Extinct genus of reptiles

Piscogavialis is an extinct genus of gryposuchine gavialid crocodylian. Two species have been described, the type species P. jugaliperforatus and P. laberintoensis. Fossils of Piscogavialis have been found from the Mio-Pliocene Pisco Formation of the Sacaco Basin in southern Peru in 1998, where it coexisted with the much smaller gavialid Sacacosuchus.

Piscogavialis represents some of the best preserved gavialid material known from South America. The holotype skull is preserved in three dimensions and is nearly complete. A mandible and some postcranial material have also been found in association with the skull. Several important features of the occipital region of the skull support a referral to the family Gavialidae, which also includes the extant gharial and false gharial.

== Paleobiology ==
The strata from which remains of Piscogavialis have been found suggest that it lived in a coastal environment. Another extinct marine gavialid, Sacacosuchus, was described in 2022 and discovered in the same formation. Sacacosuchus was smaller, estimated to be up to 4.32 m long, whereas Piscogavialis was nearly double the size.

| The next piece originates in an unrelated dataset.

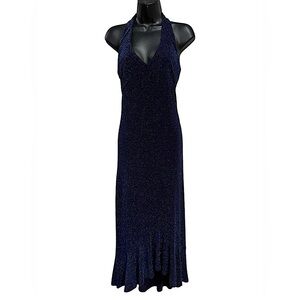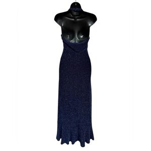 DBY Elegant Navy Blue Halter Dress MEDIUM pit to pit 15in length 53in
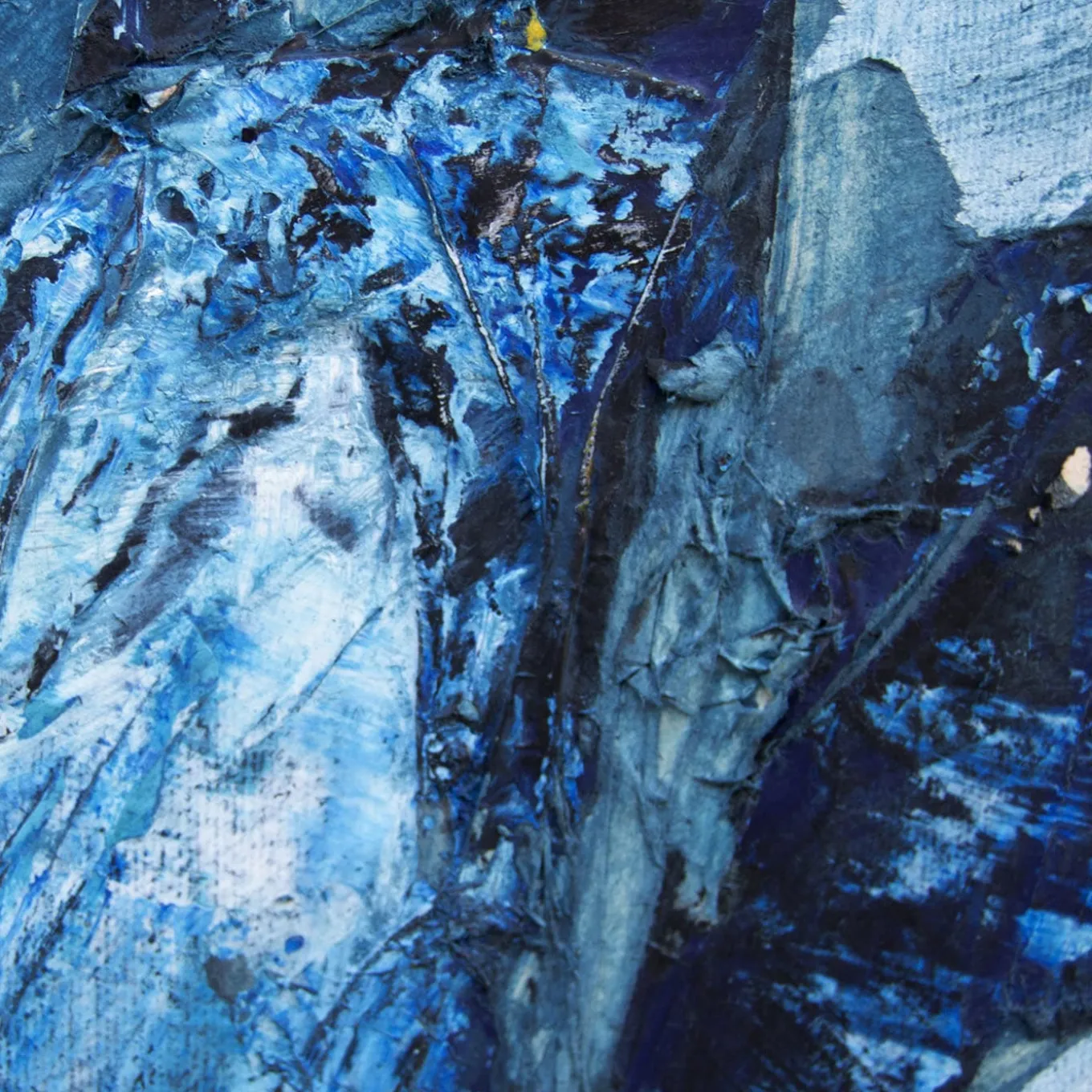 Sfumature di pittura acrilica blu e inchiostro nero illuminate da dinamiche pennellate di luce evocano le atmosfere notturne – con le sue luci sottili e le variabili meteorologiche – che questo dipinto evoca attraverso i suoi tratti astratti. Lo strato di carta velina che ricopre la tela accoglie i colori, conseguentemente schiariti per un poetico impatto cromatico. L’opera viene consegnata senza cornice e viene fornita con un certificato di autenticità.

During the Miocene, what is now the Pisco Basin in Peru was largely covered by a shallow marine transgression that connected to the open ocean. The environment was marked by shallow waters, protected bays with rocky shores and small islands. The south-east Pacific coast was inhabited by at least two species of crocodilians, Piscogavialis and Sacacosuchus, throughout most of this time period. The remains of both species were found alongside other animals typical for the marine environments of this region including various cetaceans, seals, seabirds, marine sloths and sharks. As the Peruvian sediments yielded bones of both adults and juvenile specimens, it is assumed that Sacacosuchus spent its entire life in saltwater. Although Piscogavialis was notably larger, it was also likely more specialized, feeding primarily on fast fish. Sacacosuchus, meanwhile, in spite of being only half the length of its contemporary relative, was adapted to a more generalist diet.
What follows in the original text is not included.